[Collected data]

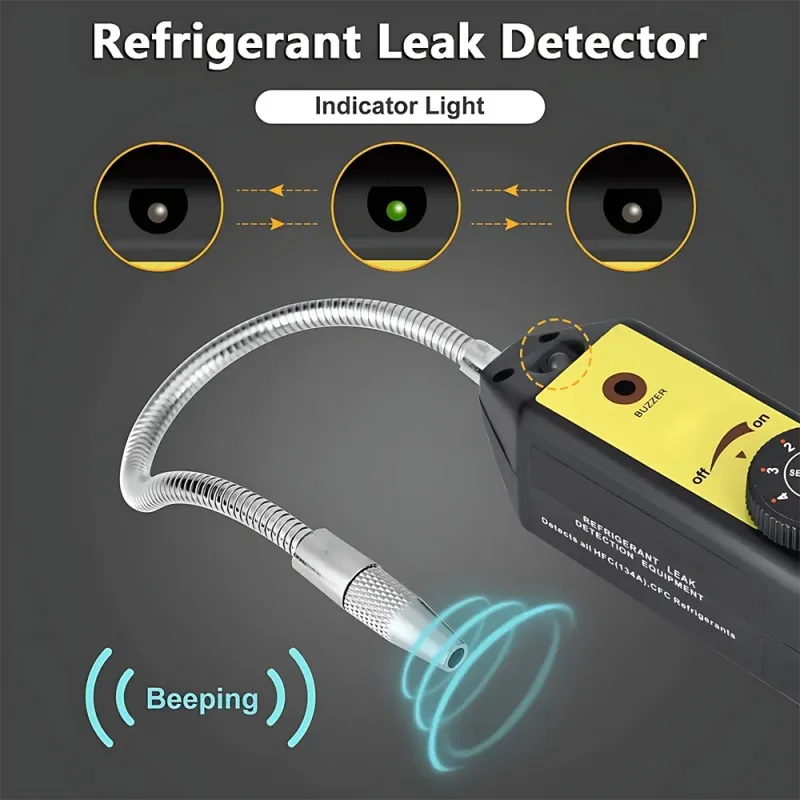 - Wielofunkcyjny czujnik gazu: umożliwia wykrywanie szerokiej gamy gazów chłodniczych, w tym R22, R410A, R134A, R1234YF, CFC, HCFC i HFC.
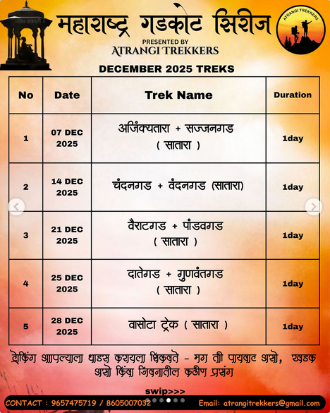 1 » Mumbai Pune trek list 2025 » #mumbai #pune treks and trips 6th 7th december 2025 – 30 November 2025 » atrangi trekkers events december 2025atrangi trekkers events december 2025by mumbai hikersNovember 30, 2025 atrangi trekkers events december 2025 Leave a Reply Cancel replyYour email address will not be published. Required fields are marked *Name * Email * Website Comment * Save my name, email, and website in this browser for the next time I comment. Δ This site uses Akismet to reduce spam. Learn how your comment data is processed.
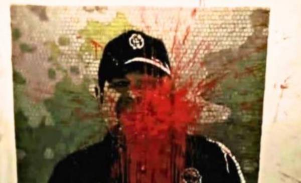 La imagen de maradona fue dañada con pintura roja / EL DIA
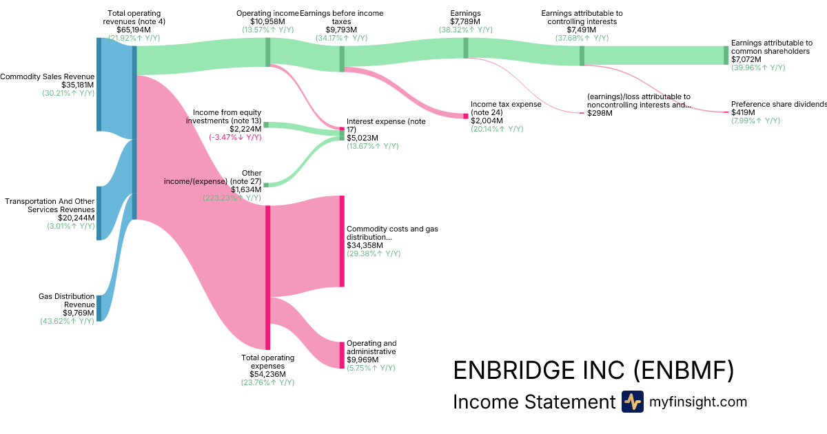 For the year ending 2025-12-31, ENBMF made $65,194M in revenue. $7,072M in net income. Net profit margin of 10.85%.
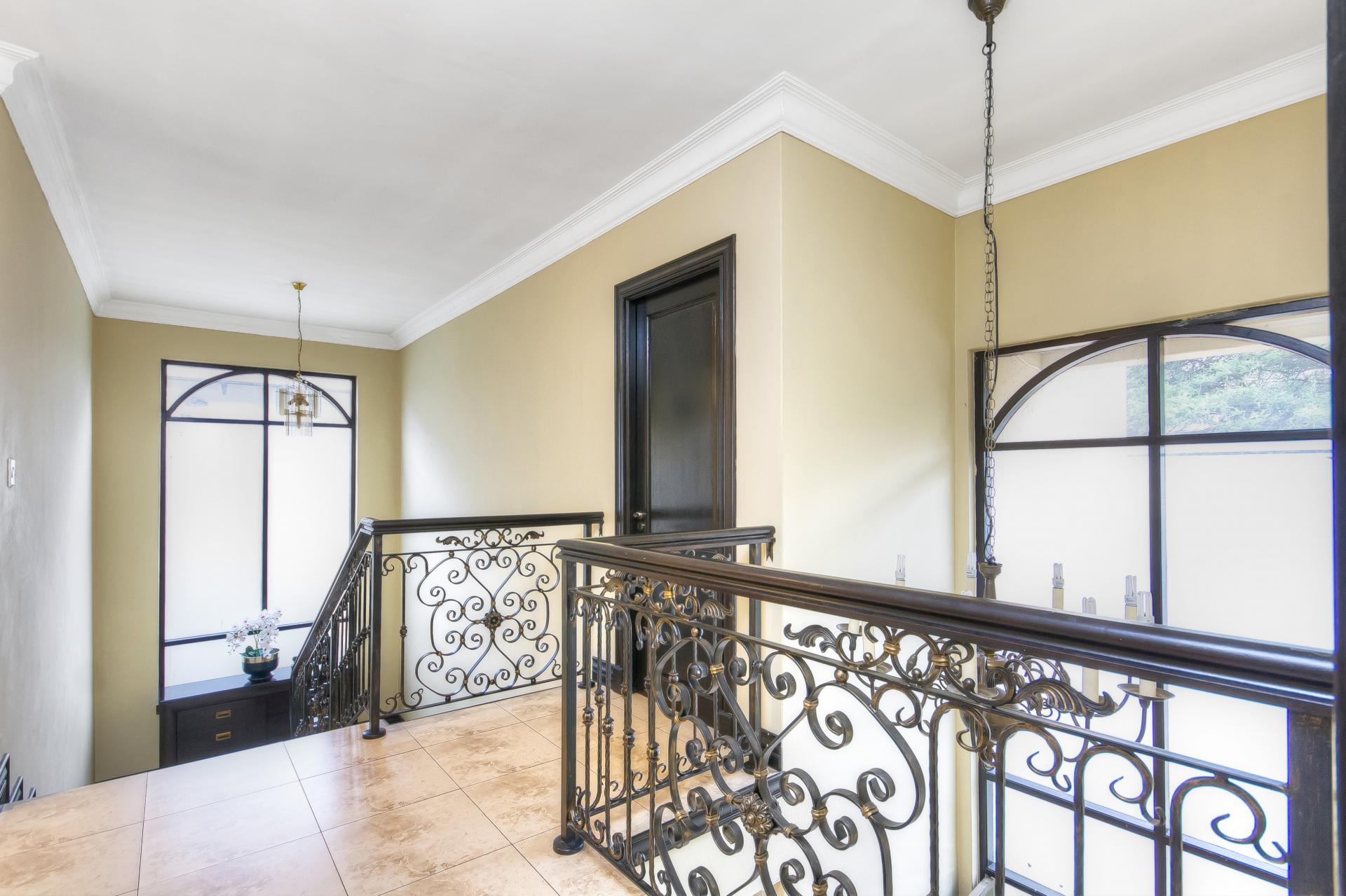 Upstairs, a beautiful travertine-tiled staircase leads to the spacious landing, continuing the elegant design throughout. The upper level features four well-appointed bedrooms, each designed for comfort and privacy:
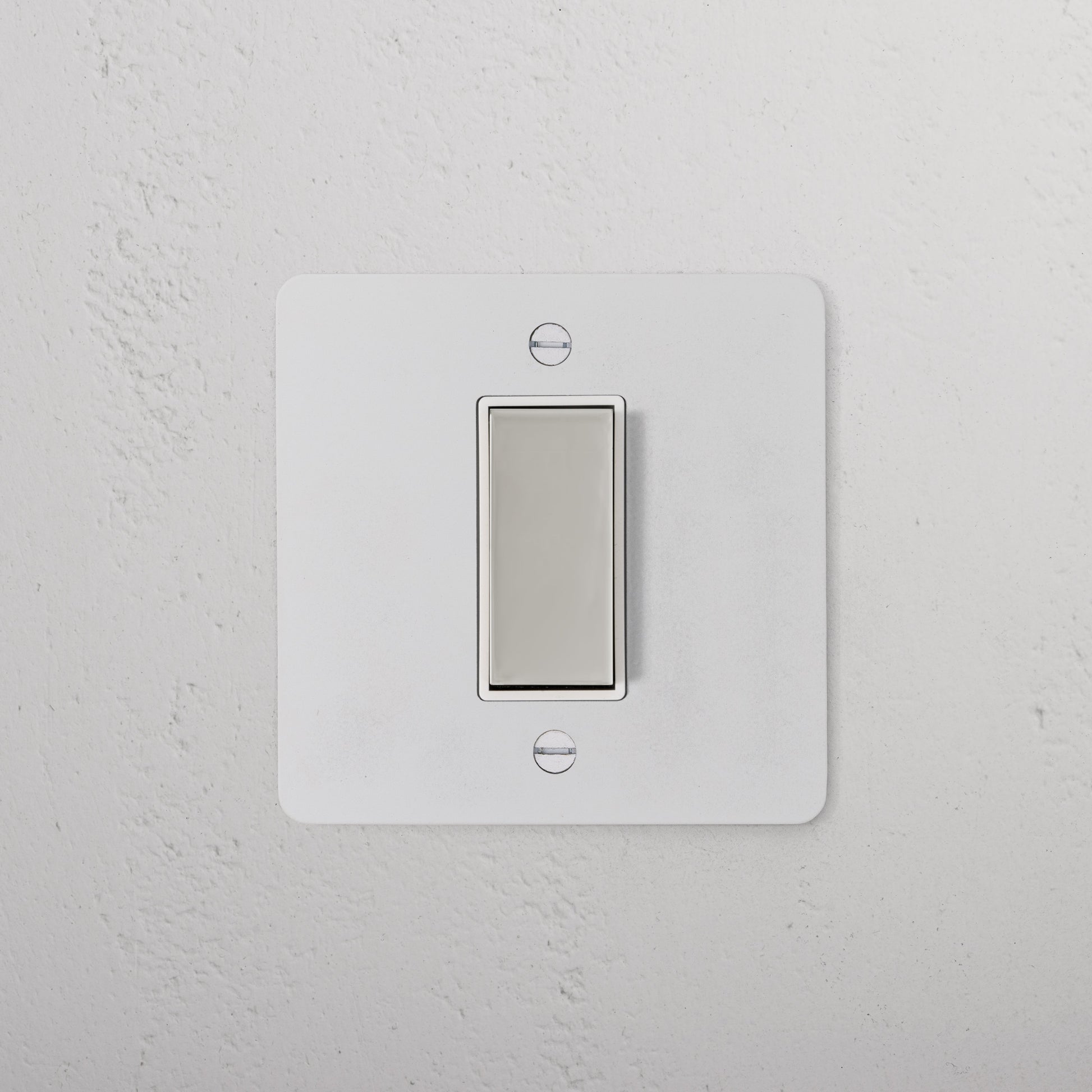 A minimal amount of plastic encircles the toggle switch, available in either white (as shown) or black.
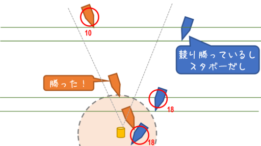 スタボー先行艇の左後角にオーバーラップできることがある
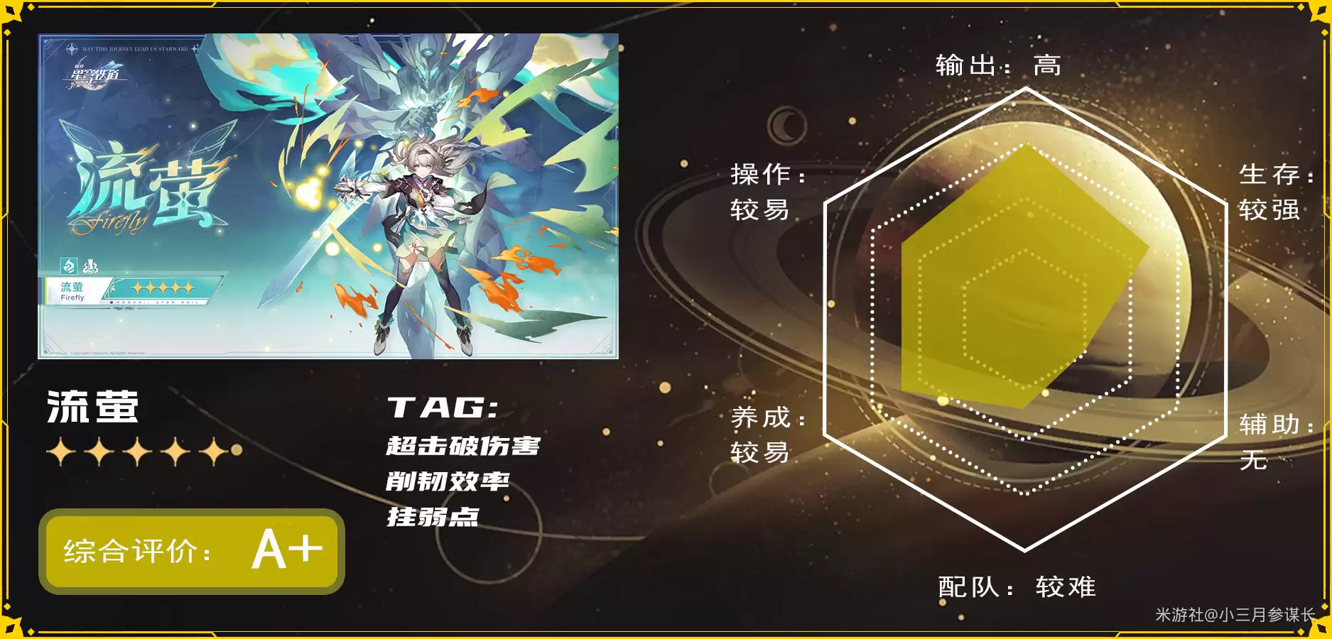 算上狼尊和绯英,流萤之后已经推出了整整30位限定五星。她虽然得到了加强,但主要优化的是倍率与续航,并未从根本上解决击破队固有的问题。(击破队的特色本是依靠击破后的超高爆发蒸发敌人,但随着新角色机制变化,击破后的输出空窗期、循环问题也逐渐凸显。)

● **Instructions to follow**: An exact, picture-free copy of the entries is required.

● **Problem solution**:
 - Wielofunkcyjny czujnik gazu: umożliwia wykrywanie szerokiej gamy gazów chłodniczych, w tym R22, R410A, R134A, R1234YF, CFC, HCFC i HFC.
 1 » Mumbai Pune trek list 2025 » #mumbai #pune treks and trips 6th 7th december 2025 – 30 November 2025 » atrangi trekkers events december 2025atrangi trekkers events december 2025by mumbai hikersNovember 30, 2025 atrangi trekkers events december 2025 Leave a Reply Cancel replyYour email address will not be published. Required fields are marked *Name * Email * Website Comment * Save my name, email, and website in this browser for the next time I comment. Δ This site uses Akismet to reduce spam. Learn how your comment data is processed.
 La imagen de maradona fue dañada con pintura roja / EL DIA
 For the year ending 2025-12-31, ENBMF made $65,194M in revenue. $7,072M in net income. Net profit margin of 10.85%.
 Upstairs, a beautiful travertine-tiled staircase leads to the spacious landing, continuing the elegant design throughout. The upper level features four well-appointed bedrooms, each designed for comfort and privacy:
 A minimal amount of plastic encircles the toggle switch, available in either white (as shown) or black.
 スタボー先行艇の左後角にオーバーラップできることがある
 算上狼尊和绯英,流萤之后已经推出了整整30位限定五星。她虽然得到了加强,但主要优化的是倍率与续航,并未从根本上解决击破队固有的问题。(击破队的特色本是依靠击破后的超高爆发蒸发敌人,但随着新角色机制变化,击破后的输出空窗期、循环问题也逐渐凸显。)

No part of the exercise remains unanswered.